Painting by Edgar Degas

Before the Race (1882–1884) is a painting by Impressionist painter, Edgar Degas, who began painting scenes with horses in the 1860s.

==History==
Horse racing became a popular pastime in 19th century France under Louis Philippe I and Napoleon III. Degas began admiring horses while visiting friends in Normandy. Over the course of his career it is reported that he created 45 oils, 20 pastels, 250 drawings, and 17 sculptures related to horses. Degas was eager to know horses in anatomical detail. As a student, Degas had filled his notebooks with drawings of horses. During a tour of breeding farms with Paul Valpincon and after exposure to horse races, Degas appreciated the movement of the horses and the colors of the jockeys uniforms. He wanted to make his paintings seem spontaneous as if he'd captured a passing moment. Before the Race is one of three identically titled paintings from the early 1880s. One was purchased in 1881 by David W. T. Cargill through Alexander Reid (who was dealer for much of Degas' work) for £2100.

During this time Degas was reported to have a full sized stuffed horse in his studio.
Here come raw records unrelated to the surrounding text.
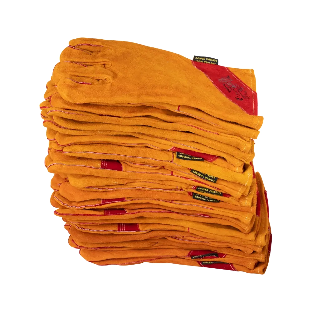 Особопрочные перчатки сварщика (краги) Siberia (Сибирь) T12-11-ru для защиты от механических воздействий и повышенных температур из цельного спилка, пятипалые, с подкладкой из брезента и хлопка, длиной 350 мм (+10/-5мм). Спилок КРС специально отобранный для серии Siberia - только спинная часть шкур, прошедших предварительный отбор, спилок однородный, сорт АВ (1,4+/– 0,2 мм), шлифованный, желтого (золотого) цвета. Швы — оригинальная нить Кевлар, усилены вставками из кожи, на ладонной части и большом пальце дополнительный слой из спилка красного цвета. Флисовая подкладка из хлопка на кистевой части и льняная (брезент) в области манжета (краги), в серии Siberia, полностью прошита по периметру , что обеспечивает лучшую защиту и высокий комфорт. Перчатки сварщика Siberia обеспечивают высокую механическую защиту, защиту от повышенных температур - открытого пламени, искр и брызг расплавленного металла, высокий комфорт использования, предназначены для проведения сварочных работ, работ связанных с интенсивными механическими нагрузками в условиях повышенных температур, работ с металлом, рекомендованы для продолжительного ношения. Размер 10,5.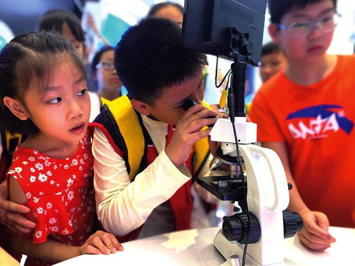 再往前走,我们来到了一个实验室,在这里可以看见身体器官是怎样工作的,还有身体各个器官的小模型。老师告诉我们:“要常吃瓜果蔬菜,才能让白细胞变强大。”看到旁边有小型显微镜,小记者们争先恐后地拥了上去,观察细胞的样子。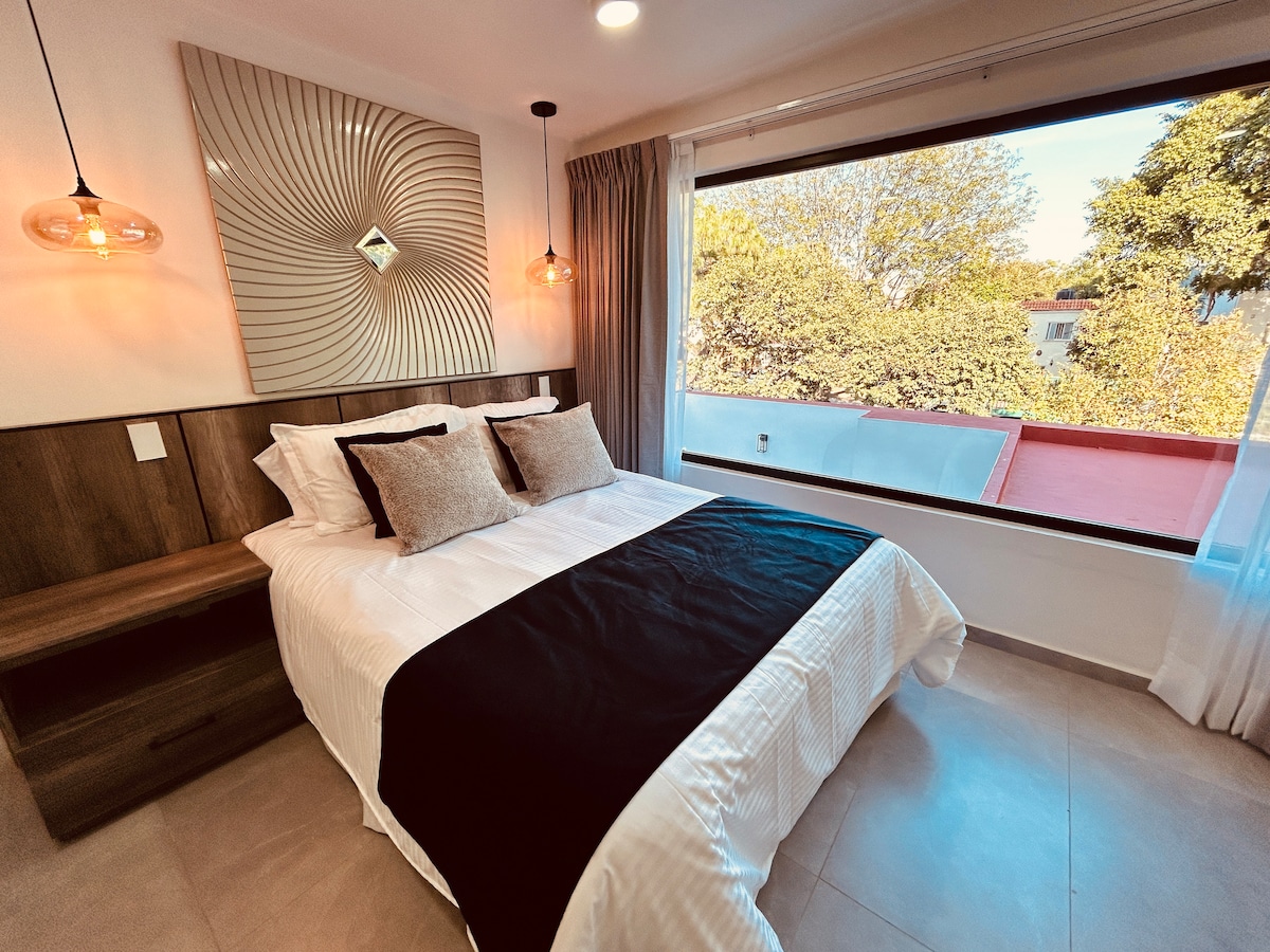 MORADA LIVING Estudio acogedor y funcional para viajeros que buscan comodidad y ubicación. Este espacio cuenta con cama queen, sofá cama, cocina equipada, Smart TV y escritorio ideal para home office. El edificio ofrece áreas comunes modernas y un ambiente tranquilo para descansar o trabajar. Ubicado en la Colonia Moderna, estarás a minutos del Centro Histórico, la Colonia Americana y el Parque Agua Azul. Una opción práctica y confortable para tu estancia en Guadalajara. ¡Te esperamos!

This version is part of the collection of The Walters Art Museum, the other two are part of the collections of the Clark Art Institute and the Mrs. John Hay Whitney Collection.

==Analysis==
Of the three versions, the Walters' painting most closely resembles a sketch. The setting of the painting is barely suggested and the pigments are thinly applied.

==Off the Wall==
A reproduction of Before the Race was featured in Off the Wall, an open-air exhibition on the streets of Baltimore, Maryland in 2013/2014. It was displayed at the Horse You Came in on Saloon. The original is part of The Walters Art Museum collection, The National Gallery in London began the concept of bringing art out of doors in 2007 and the Detroit Institute of Art introduced the concept in the U.S.. The Off the Wall reproductions of the Walters' paintings are done on weather-resistant vinyl and include a description of the painting and a QR code for smart phones.